Closed htdvisser closed 2 years ago
Related to #2887
The most chatty end device events are:
ns.up.data.receive
(which is published for each duplicate)ns.up.data.drop
ns.up.data.process
ns.up.data.forward
as.up.data.receive
as.up.data.forward
ns.down.data.schedule.attempt
ns.down.data.schedule.success
as.packages.storage.up.store
ns.mac.link_adr.request
ns.mac.dev_status.request
ns.mac.new_channel.request
ns.mac.link_adr.answer.accept
ns.mac.rx_timing_setup.request
Most of these are in my opinion not relevant to the application, and therefore don't need to be forwarded to application event streams.
I'm happy with any irrelevant event type that we can omit by default.
Also compare with what events we show by default in the Console:
'as.*.drop',
'as.down.data.forward',
'as.up.location.forward',
'as.up.data.forward',
'as.up.service.forward',
'gs.down.send',
'gs.gateway.connect',
'gs.gateway.disconnect',
'gs.status.receive',
'gs.up.receive',
'js.join.accept',
'js.join.reject',
'ns.mac.*.answer.reject',
I'd like to see how things perform after https://github.com/TheThingsNetwork/lorawan-stack/pull/4831 . If this is still an issue, we can indeed start slashing a bit the NS events.
This is only partly related to #4831. While #4831 improves the performance on the event subscriber side, this issue is trying to improve the performance on the event publisher side, and of the pub/sub system (usually Redis).
My only concern is that this behavior is inconsistent - It's slightly weird that normal I would go to the application Live Data
and see some events only, given that before I saw everything. But I fully agree that an incomplete and inconsistent stream won't help much (maybe only for programmatic consumers), and that this becomes worse with scale.
This means that for applications with thousands of devices the event stream won't be able to keep up, and drop events.
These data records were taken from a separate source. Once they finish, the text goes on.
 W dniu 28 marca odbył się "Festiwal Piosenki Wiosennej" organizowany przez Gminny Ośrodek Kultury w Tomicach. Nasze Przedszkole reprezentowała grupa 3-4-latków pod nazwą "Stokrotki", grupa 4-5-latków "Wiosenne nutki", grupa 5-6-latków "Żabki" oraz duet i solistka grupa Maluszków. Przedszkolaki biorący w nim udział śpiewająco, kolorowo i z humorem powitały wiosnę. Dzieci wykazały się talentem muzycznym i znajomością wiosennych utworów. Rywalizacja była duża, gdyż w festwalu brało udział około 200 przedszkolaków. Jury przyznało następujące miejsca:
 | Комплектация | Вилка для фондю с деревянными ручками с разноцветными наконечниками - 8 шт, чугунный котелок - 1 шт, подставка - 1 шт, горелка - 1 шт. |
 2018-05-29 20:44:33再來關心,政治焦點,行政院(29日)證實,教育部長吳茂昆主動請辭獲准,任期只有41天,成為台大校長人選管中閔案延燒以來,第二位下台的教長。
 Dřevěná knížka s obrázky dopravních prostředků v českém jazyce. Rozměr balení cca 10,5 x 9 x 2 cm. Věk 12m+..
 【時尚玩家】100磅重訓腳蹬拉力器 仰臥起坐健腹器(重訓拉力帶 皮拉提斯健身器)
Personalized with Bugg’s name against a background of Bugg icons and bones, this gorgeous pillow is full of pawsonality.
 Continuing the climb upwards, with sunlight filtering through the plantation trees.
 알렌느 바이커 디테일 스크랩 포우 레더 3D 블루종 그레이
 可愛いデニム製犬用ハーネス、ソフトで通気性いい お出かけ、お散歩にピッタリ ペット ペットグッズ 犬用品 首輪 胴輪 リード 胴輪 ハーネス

I can't fully find where this occurs in the publishing code - could you please give some pointers here ?
We currently don't actually drop them, which means that the event system will probably just grind to a halt, which would impact everyone instead of just the concerning application.
I also think only the following are relevant to application users, i.e, something that says "success" and something that helps debug "failure". Most of the time, I don't even look at the other events since they don't convey any information to me.
'as.*.drop',
'as.*.forward',
Okay so what about this:
EndDevice CRUD:
end_device.*
ns.end_device.*
as.end_device.*
js.end_device.*
AS Forwarded Uplinks/Downlinks:
as.*.forward
JS Joins:
js.join.accept
Errors and warnings:
*.fail
*.warning
*.drop
*.reject
NS MAC layer:
ns.class.switch.*
I'm going to implement this for the next milestone.
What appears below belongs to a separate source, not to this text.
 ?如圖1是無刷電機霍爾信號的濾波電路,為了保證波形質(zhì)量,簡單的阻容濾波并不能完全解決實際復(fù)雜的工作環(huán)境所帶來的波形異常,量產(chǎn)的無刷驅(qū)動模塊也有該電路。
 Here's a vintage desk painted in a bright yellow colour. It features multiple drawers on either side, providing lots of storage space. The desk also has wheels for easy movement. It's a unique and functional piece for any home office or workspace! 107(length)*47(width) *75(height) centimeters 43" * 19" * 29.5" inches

Looking into this now and remembered that the Console relies on certain event types to synchronize "hot data" such as
as.up.*.forward
for Last activity
(Currently not planned to be filtered out)ns.up.data.process
for uplink/downlink countFiltering those out would result in the Console not being able to keep these data points updated. So we either need to find a replacement event or keep these events unfiltered. We already ran into this problem when moving to backend-enabled filters (#4831) in the backend and had to adjust the filtering accordingly. This caused a problem where we now have to show some events in the Console simply because we rely on it internally and we removed hiding of events on the frontend.
Also, keep in mind that changing what data is being displayed can cause confusion/frustration among users if not communicated properly. So we should make sure that users will understand why the event output changed, via the changelog and other communication channels.
as.up.*.forward
events will still be included in the stream of application events. ns.up.data.process
in the stream of application events? It's still included in the stream of device events.
- Do you really need
ns.up.data.process
in the stream of application events? It's still included in the stream of device events.
Yes, we could use the end device event stream to get this info, but it's currently still sourced from the app stream.
Re-assigning since my part is done. What's still TODO is to update the Console accordingly.
Summary
We need to filter which end device events are forwarded to the application event stream.
Why do we need this?
Because currently event streams can't keep up with large applications.
What is already there? What do you see now?
All end device events are forwarded to application event streams. This means that for applications with thousands of devices the event stream won't be able to keep up, and drop events. This makes the event stream pretty useless.
What is missing? What do you want to see?
We can think about a (possibly configurable) set of end device events that get forwarded to the application. My proposal would be to only forward application-layer events (starting with
as.
).Environment
All deployments, but specifically The Things Stack Cloud.
How do you propose to implement this?
Define a list of end device event names that get forwarded to the application.
Can you do this yourself and submit a Pull Request?
Sure, but this first needs some discussion.